その後,数ヶ月くらいで,ジボリルメタン系列を発掘.あれも当初はby-productで得られたもので,見た瞬間に,LUMOが重なっているはず鈴木宮浦カップリングやろう,と思いました.
LUMOが重なって見える!なんて言わなかったですけどね,さすがに…ジボリルメタン誘導体を見た後,一人で計算かけて確認はしましたが.

カルベンは金沢で検討しましたが,補完的な意味合いが強いです.もう次のことやろうと,もがいていた頃に,オマケで取り組んだもので,学生の頃から「どちらが正しいのか」よくわからないものに答えが欲しかったのです.
カルベンで進行している可能性については,学生時代には一切コメントしたことありませんでしたが.
助教になった時,実は,カルベン系を進めようと考えていたからです.少し打算が働いていますね…
金沢から,学生時代のボスに,テーマについて連絡したときも,カルベンについては触れず.どう転ぶか曖昧だったもので.
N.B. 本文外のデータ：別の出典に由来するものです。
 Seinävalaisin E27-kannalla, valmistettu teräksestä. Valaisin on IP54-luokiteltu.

つまり,助教時代の残り2つのうち1つは,カルベンです.カルベンというか、あまり細かいことは,まだ書けませんが.頭の中で,歯車がハマるまで待っている状態です.
ハマらないまま定年を迎えないだろうな…ハマるの待っているネタが,いくつか残っているのです.

助教着任時に開始した3つの検討のうち,残りの1つは,今,理科大で動かしているところです.
全体的な歯車が噛み合うまで,あと1〜2年くらいかかるかとは思います.
反応開発の新しい作用機序の投入が早くても来年度,ということで,さらに時間かかるかもしれない.
いきなりスマートなものは無理だろうなとは予想しています.

あと1つ,学生は認識していない可能性大ですが,1つ大きめのネタが現行のテーマに紛れ込んでます.
これも少し手間取る可能性ある.うまくハマると良いけど分子設計と,その結果が,噛み合うかどうか,実際に合成しないとわからないのです.
このネタの方向性は,遠藤が,学部の学生の頃に,将来,取り組んでみたいなぁ…と考えていたことです.
軌道に乗って,道を切り開く先陣となれば良いですが,それも結果を見ないことにはわからない.
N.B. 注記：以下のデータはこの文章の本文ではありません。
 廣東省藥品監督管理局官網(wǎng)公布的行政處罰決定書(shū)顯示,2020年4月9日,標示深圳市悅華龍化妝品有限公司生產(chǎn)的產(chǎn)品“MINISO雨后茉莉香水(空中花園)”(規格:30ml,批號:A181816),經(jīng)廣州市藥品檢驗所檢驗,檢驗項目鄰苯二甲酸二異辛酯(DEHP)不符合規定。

今は育児でカオスというか研究については「待ち時間」に相当します.
やむなし.
自力で年間1500実験くらいやっていた頃(たぶんD2あたり)の馬力を発揮できない以上,学生に,それを要求なんてのは不可能ですしね…
天才は,こんな不毛な数の実験なんてしません!
自分が天才ではないと思うからこそ,頭おかしい数をこなす必要があるだけです.

学生の頃から考えると,飛躍的に成長した自分がいるとは思いますが,このスタイルをよしとは考えていません.まだ低いレベルの自分に悩みは尽きません.
遠藤の手法は,天才のなせる業ではないのですね…
もう無理ですけどね.元から天才ではないことを自覚してやってきているので,理想とする研究への取り組み方にはならない.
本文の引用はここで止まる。